There was something very strange about these and although
there was a barrier guarding them, I could still feel them
even through that guard, stretching out into all kinds of
unexplained dimensions.
I
had no idea what they could be, but somehow there was a hint
of thought that they were books of some kind, that they
contained knowledge like the world had never seen or known. It
made me shiver slightly and I had to turn myself with some
reluctance to see what else there was, promising myself to
investigate these crystal books when the immediate crisis had
been negotiated.
In
front of the window, on a sweeping stand which was the exact
mirror of the one in the Serein monastery tower room, stood a
great singing stone, deeply asleep, small opalescences playing
across its surface as it dreamed. My heart started to beat
faster and I had to pull all the shielding I knew to create
around myself to stop me from reaching out with hungry
eagerness and to awaken it at once, to make myself known and
to tell it that its long loneliness was finally at an end.
Between
my breasts, my own stone began to hum in recognition and in
resonance, and I soothed it and admonished it to be silent for
now. Our time would come, soon enough. For now, there was
other work to be done.
At
the bottom of Sephael’s bed lay, rolled up, a tapestry cover
that was very reminiscent of Lucian’s own tapestry back at
Tower Keep, but the background was a dark royal blue on which
the strands of silk, gold and silver had been inlaid.

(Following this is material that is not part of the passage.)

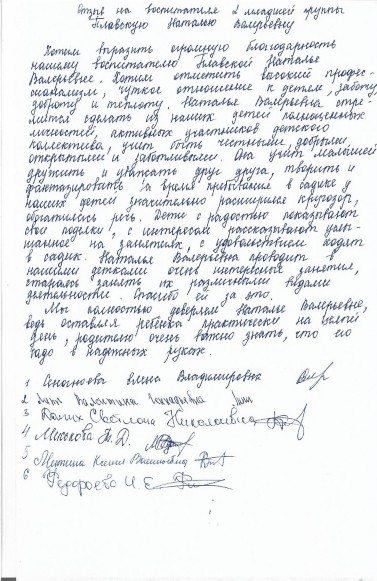Отзыв от родителей (законных представителей) подготовительной группы МКДОУ-детского сада № 12, 2021 год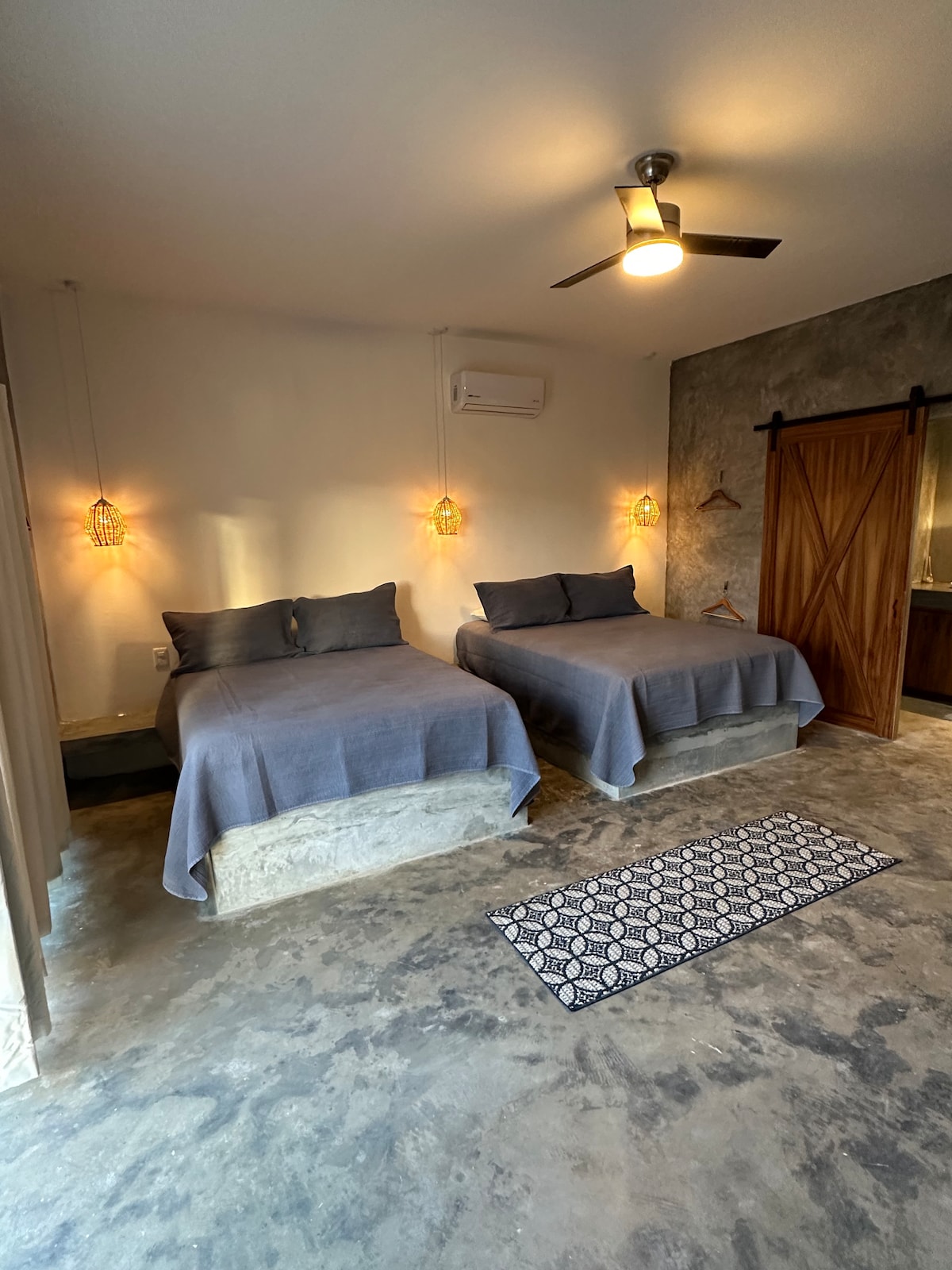 It doesn´t get any closer to Playa Los Cerritos! Our condo is a spacious suite with a beachfront terrace to check out the surf or enjoy one of the most beautiful sunset in Baja. The space has everything you need to live on the beach: - A master bedroom and two bathrooms. - One King size bed for your comfort. - A couch in the living room for the little one or the thrifty friend that you love. - A Kitchen to prepare the catch of the day. There are also 2ACs (in the living room and the bedroom)

I went
across and reached out to touch the tapestry. As soon as my
fingertips contacted it ever so slightly, they sank straight
through the brittle fabric and caused it to crumble. I
withdrew my hand quickly and reached into it with my mind
instead, tracking back through time into the pattern and the
faint remembrance as to how it once was constructed, when
there had been moisture in its making and in the atmosphere of
the tower. It wasn’t hard, and when I was done the tapestry
was fairly jumping with energy, power and glowing colour, the
only thing alive in this room, the only thing I had so far
awakened.
With
reluctance, I left the room and took the tapestry to where
Lucian lay motionless, drawn and pale, on the unforgiving
slab. I took my – his – cloak from my shoulders, rolled it
up until it made a fair pillow, and gently levitated his head
so I could place the pillow beneath it. On second thought, I
levitated him entirely which was not much of an effort as I
was becoming more used to the energies of the tower which
could actually buoy me up and seemed to amplify my strength if
I just let it, and removed his jacket, then his filthy shirt,
too. After a brief hesitation, I removed the rest of his
clothing and settled him back down onto the stone. I reached
into the fabric of the stone and it was amazing, infinitely
morphable, a base pattern that could be stretched and shaped
with absolute ease into anything you could want it to be. With
a smile of
recognition and delight, I tried a few patterns until the
stone slab had become a bed, had become softly resistant,
gentle, warm and supporting to a body that needed all the
warmth, support and gentleness you could possibly give it.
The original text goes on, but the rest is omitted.